Было время, когда Генерал не переносил одиночества. Побыть с умным человеком приятно, шутил он. Почему же так невыносимо оставаться наедине с самим собой? Натура требовала иного общения, движения не внутреннего, а физического. С наступлением сумерек Генералом овладевало беспокойство, не позволявшее ни читать, ни писать, ни заниматься домашними делами. В далекие дни зарубежной работы, если не было определенной операции, он уезжал в город, ходил по выставкам, по книжным магазинам, на стадионы, отыскивал каких-то знакомых, изучал улицы, что было необходимо в его деле. Дома же, в Москве, в выходные дни или бездельные отпускные периоды приходилось утолять беспокойство, жажду действия долгими пешими прогулками, стремительным, лишенным видимой цели движением.

Эта странность с годами прошла, одиночество больше не тяготило, пешее хождение требовалось для поддержания не столько душевного, сколько телесного тонуса.

В этот вечер выходить на холод не хотелось. Можно было надеть валенки, старую потрепанную дубленку, которую Генерал приобрел еще будучи старшим лейтенантом и очень ценил за добротность, опустить уши меховой шапки и совершить небольшой переход наперекор стихии. Настроение требовало иного.

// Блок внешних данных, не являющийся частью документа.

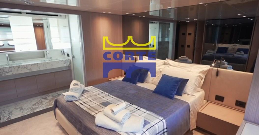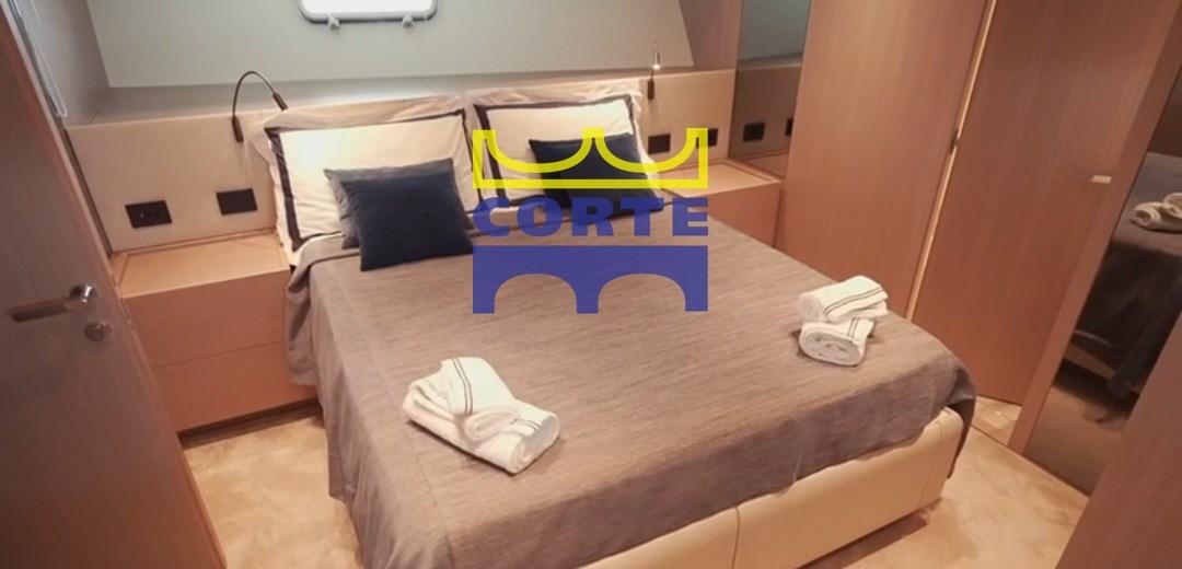 Teppan-yaki dans le bar mobile sur le flybridge, caméras et feux d’ancrage, système de positionnement dynamique Volvo, n° 3 prises étanches 220 V, TV derrière le rétroviseur dans le salon et la cabine propriétaire, table à manger avec plateau en marbre blanc de Carrare, meuble de bar avec réfrigérateur et machine à glaçons, n° 3 rideaux occultants manuels dans la cabine propriétaire, douche à colonne en acier inoxydable sur le flybridge, toit ouvrant électrique à lattes pour toit rigide, auvent pour la zone arrière du flybridge, auvent d’étrave avec poteaux en acier inoxydable, climatisation sur le flybridge, plate-forme élévatrice arrière hydraulique, système électrique de levage / abaissement pour table volante avec dessus en teck, système manuel de levage / abaissement pour table avant avec dessus en teck (complet avec coussin pour la transformation en terrasse), armoire de barre 60 cm plus longue que la norme, projecteur avec commande de direction, deuxième poste de commande de cockpit avec joystick VOLVO IPS, système Internet Wi-Fi 4G avec antenne pour la réception wifi du port, pack audio/vidéo GOLD.

На книжной полке лежала скромная стопочка магнитофонных кассет, записанных или купленных неведомо когда то ли в Тегеране, то ли в Дели и путешествовавших с хозяином по жизни. Легкая музыка к сегодняшней метели не подходила, и после недолгих поисков выбор был сделан. Играл лейпцигский камерный оркестр. Запись была подарена тогдашним всемогущим главой восточно-германской «штази» Эрихом Мильке. Вот и он выплыл из мрака забвения и шагнул в мир теней — приземистый резкий старик, уже в пору давнего знакомства с Генералом как бы обожженный и высушенный временем. Мильке обожал Бетховена, молитвенно слушал «Оду к радости», финал Девятой. Эта сцена встала перед глазами: завершились

переговоры, пора переходить к ужину, хозяин жестом попросил всех задержаться, и зазвучала светлая мелодия. Поводов для радости не было, жребий Мильке уже был отмерен, и, кажется, старик это чувствовал.

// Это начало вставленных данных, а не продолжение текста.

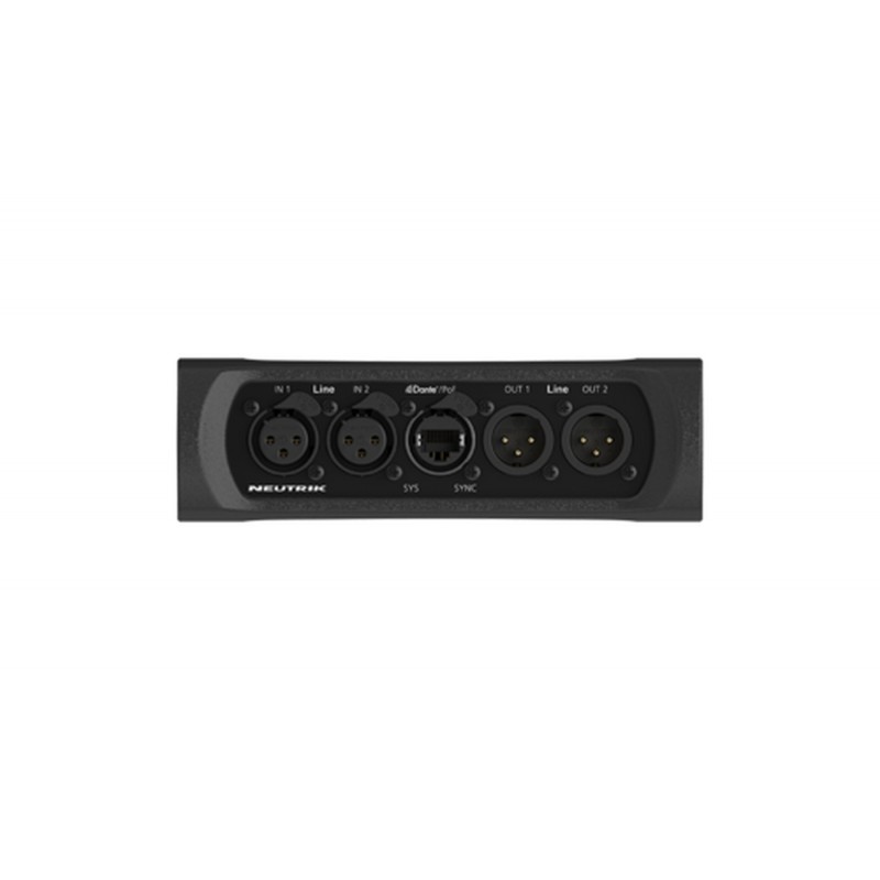 Interfaz de E/S de línea a DANTE® de 2 Entradas y 2 Salidas. Conecta el equipo de audio analógico a una red Dante®. Alimenta amplificadores, altavoces o mesas de mezcla que no estén listos para Dante® con señales de...

Но Генерал включил магнитофон совсем не для того, чтобы продолжить беседу с Мильке. Время для этого придет. Не сегодня. Взволновавшись мыслями о судьбах русских людей, возносимых к вершинам власти и свергаемых безжалостной рукой фортуны, попытавшись воздать скромную дань Хасбулатову («единственный русский человек в верхах, да и тот чеченец»), Генерал не мог разговаривать с иностранцем. Ему хотелось побыть одному, отгородиться даже от теней, погрузиться в истомное небытие. Отодвинут кухонный стол, открыта тяжелая крышка хода в подпол. Старик ныряет в люк, седая голова отсекается гранью света и тьмы (не хватает пляшущей Иродиады для полноты картины, с насмешкой думает он), лезет в дальний холодный угол, шарит рукой и достает желанный предмет — бутылку «Столичной» производства московского завода «Кристалл», приберегавшуюся специально для такого случая. Звучит тем временем Бранденбургский концерт, серебряная труба прорезает голос скрипок и виолончелей, розоватым светом отраженной зари теплится далекое озеро, возвращаются и жизнь, и молодость, и счастье.

Льется прозрачная влага в простой стакан, разбавляется шипучей жидкостью — тоником, который в цивилизованном мире пьют с джином.

Славно! Смесь утоляет неведомо почему появившуюся жажду, мягким теплом согревает нутро, бодрит уставшую голову. Кровь быстрее бежит по жилам, оживает мысль, поют струны и серебряная труба.

Когда-то, давным-давно (о, эти безнадежные слова!), был Генерал начинающим, совсем юным дипломатом, щенком, познающим огромный мир. Умный и казавшийся тогда старым, хотя было ему немногим больше 30 лет, Клюев сказал ему: «Леня, не пей на работе. На приемах ты не отдыхаешь, а работаешь». Генерал внял словам умного человека и, даже не задумываясь особо, решил отделить работу от спиртного.

Работа кончилась, и с ней кончились ограничения, добровольно наложенные на себя Генералом. Во всяком случае, он вступил в старость с относительно здоровой печенью, что в его службе удавалось далеко не каждому.

Влагу в начисто вымытом стакане пронизывали серебристые змейки, и, прислушавшись, можно было уловить в тишине легкий шорох мельчайших пузырьков.

Генерал всмотрелся в темный угол и не удивился, увидев там неясно обозначенное, как на старой любительской фотографии, лицо Николая Логинова. В 1958 году, когда он приехал в Карачи референтом советского посольства, Логинов был заместителем резидента Службы, прикрытым должностью первого секретаря. Что такое резидент или его заместитель, Генерал тогда представлял себе очень приблизительно, но он твердо знал, что Логинов работает в Службе. Однажды мягким январским вечером, завершив свои загадочные дела в посольстве и направляясь к машине, Логинов натолкнулся на молодого дипломата и предложил ему выпить на сон грядущий. Предложение было заманчивым — умный, энергичный, обаятельный Логинов был весьма симпатичен юноше, и такой знак расположения порадовал.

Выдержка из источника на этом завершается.